# Octaves, Zouks, Citterns, Tenors and Electrics > Tenor Guitars >  Gibson SG tenor guitars

## Jayyj

Hi, 

I'm just starting out on an electric tenor guitar build and was wondering if anyone has any photos and other info on the SG tenors. I have a few things already gathered and have seen the Rumbleseat demo of the SG with the Firebird headstock but would love to hear from any owners or enthusiasts on the forum. I'd particularly like to get a decent shot of the neck join / heel area. Any help much appreciated.

J

----------


## Spruce

Pretty rare birds...

You might get lucky in Google images...

----------


## Larry S Sherman

Not sure if this helps...from a Neko Case show I attended.



Larry

----------


## Larry S Sherman

Two that kinda show the back...



Larry

----------


## Larry S Sherman

Cropped closeup



Larry

----------


## Jayyj

Great stuff Larry, thank you. I saw her a good few years ago and remember being curious about the tenor SG then without really knowing a great deal about it. I've trawled through Google images already, but they're pretty few and far between. That video I mentioned was one find well worth checking out: http://www.youtube.com/watch?v=4-LiS9SDcys

----------


## Ed Goist

Elderly Instruments had Neko Case's '67 SG Special Tenor for sale on consignment at some point in the past. Fortunately the link to the pics is still active. Here it is.

----------


## Spruce

> Elderly Instruments had Neko Case's '67 SG Special Tenor for sale on consignment at some point in the past. Fortunately the link to the pics is still active. Here it is.


Yeah, grab those...
Elderly sometimes takes them down....

----------


## Ed Goist

[QUOTE=Spruce;1034771]Yeah, grab those...
Elderly sometimes takes them down....

Here now forever...For posterity...

----------


## Larry S Sherman

Appears to be a textbook case of how to NOT install a strap button.
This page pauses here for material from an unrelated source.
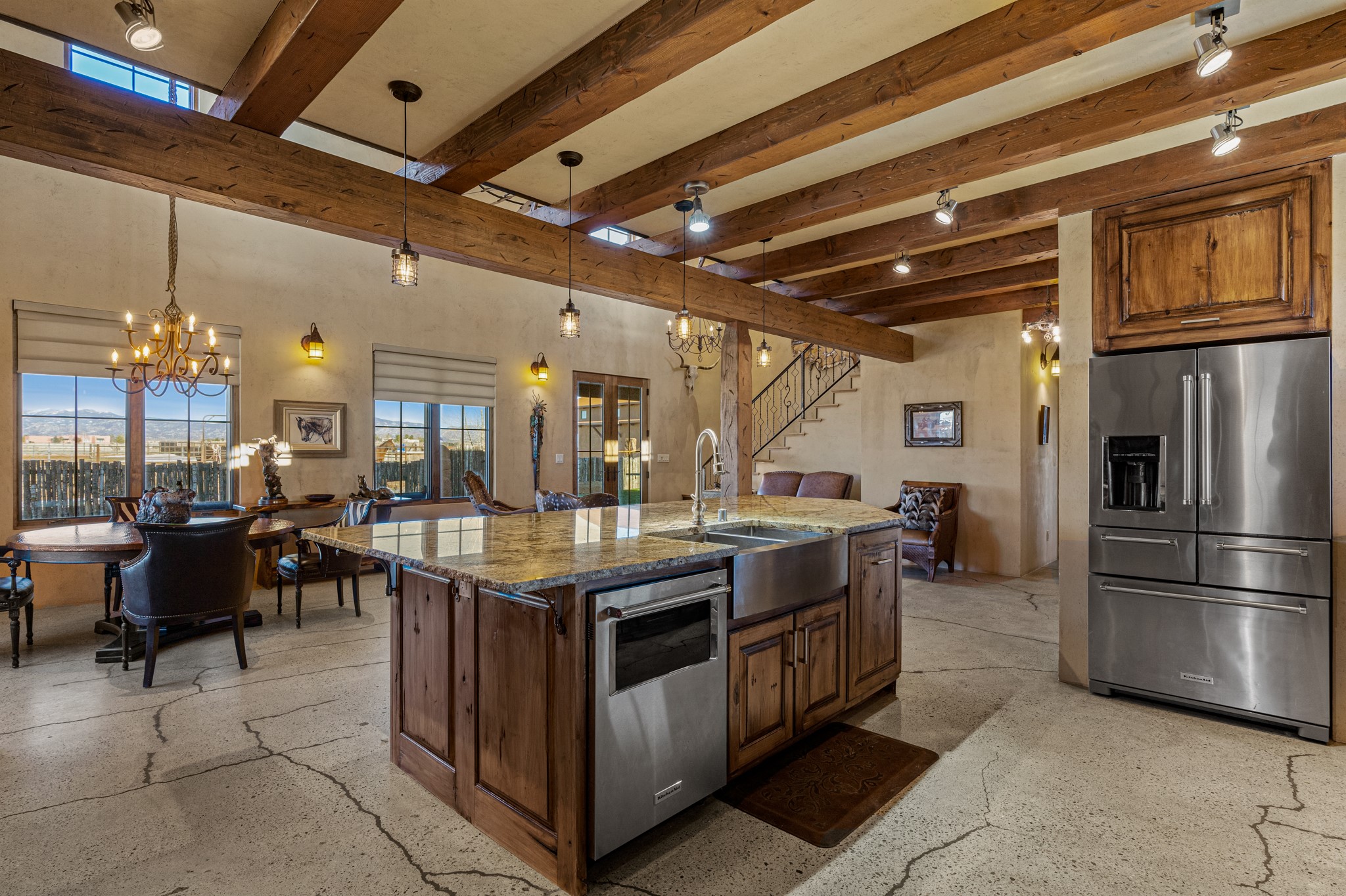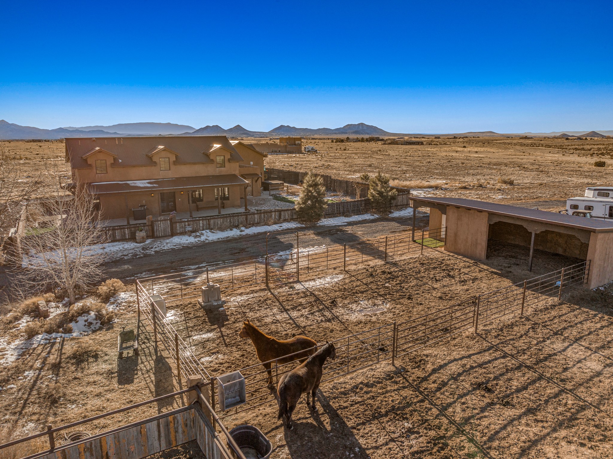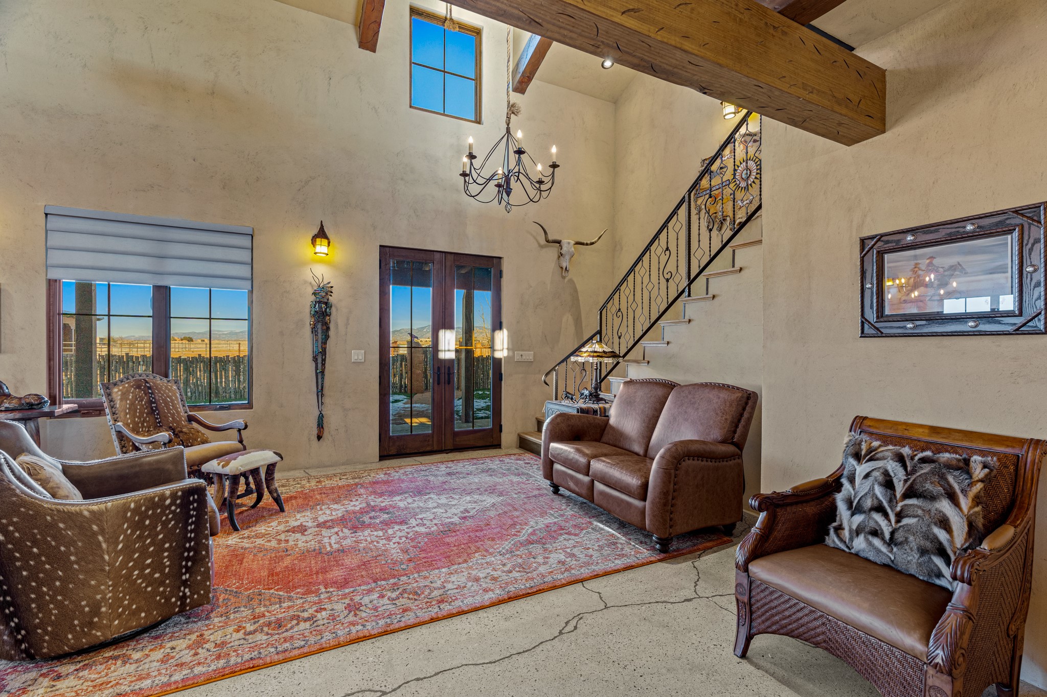 Back on Market- No Fault of Seller or Property! Welcome to Rancho San Marcos and this exquisite horse property. Where refined living meets the allure of this custom-built home on 15 acres with 360 degree views. Tailored for open-concept living, this residence is an entertainer's dream. The chef's kitchen, boasting a Viking Range, granite countertops, wine fridge, and walk-in pantry, invites you to unleash your culinary creativity. The main floor features an open dining/living area with high ceilings, large windows to capture the views and natural light. The primary bedroom is on the main floor with 2 walk-in closets, a spacious bathroom featuring a walk-in shower, and a serene soaking tub. Upstairs, two additional bedrooms and an open loft await. The oversized heated 2-car garage showcases a 700 sq ft open loft area. Your cherished equine companions are luxuriously accommodated in a 2448 sq ft barn with 2 indoor/outdoor stalls & turnouts, 1 indoor stall, hay storage, 1/2 bathroom, overhead door on the east side is large enough to accommodate an RV, offering convenient, out-of-the-weather storage for your motorhome or large recreational equipment. Inside, the barn provides ample room for livestock, equipment, or additional workshop space with excellent ventilation, and easy access to an expansive riding arena approximately 130X200. Adjacent to the riding arena is an additional 16X30 stall, 10X16 bird house with windows and 75X180 corral. Don't miss the opportunity to make this remarkable property your own, where elegance and equestrian excellence seamlessly come together. Within the gated subdivision you will find riding trails, a round pen and riding arena for use.

Either that of over time the finish cracked from that point outwards?

----------


## Jayyj

The Elderly pictures are perfect, thank you. Being able to compare and contrast with 6 string SGs at Elderly gives me a good reference point as well, and my instinct is that the horns have been widened slightly but not to the extent of meeting the fingerboard edge in the way they do on a 6 string SG. The pickguard is also significantly scooped to meet the narrower fingerboard. 

Interesting that it appears to have a bridge that was designed for four saddles - I'd assumed that it would have simply been a six saddle unit minus the outer two. Surely it would have been an expensive thing to tool up for given the number of electric tenors they must have made?

----------


## Jason Kessler

Wow.  No idea such an animal even existed.

----------


## Spruce

> Appears to be a textbook case of how to NOT install a strap button. Either that of over time the finish cracked from that point outwards?


Yep...
Those old G%$#@n finishes _loved_ to check (unlike the modern finishes), but they need a ding or screw hole to emanate from.....
That's why--if you are intentionally checking a finish--you need to ding it up first....    :Wink:

----------


## Pete Martin

> That's why--if you are intentionally checking a finish--you need to ding it up first....


Gee, I wonder who would do such a thing???   :Whistling:

----------


## Spruce

> Gee, I wonder who would do such a thing???


With Brad around, it merely takes minutes...

----------


## delsbrother

Hadn't seen the one with the Firebird headstock on it before following the link above. Here it is embedded - chicks dig it!

----------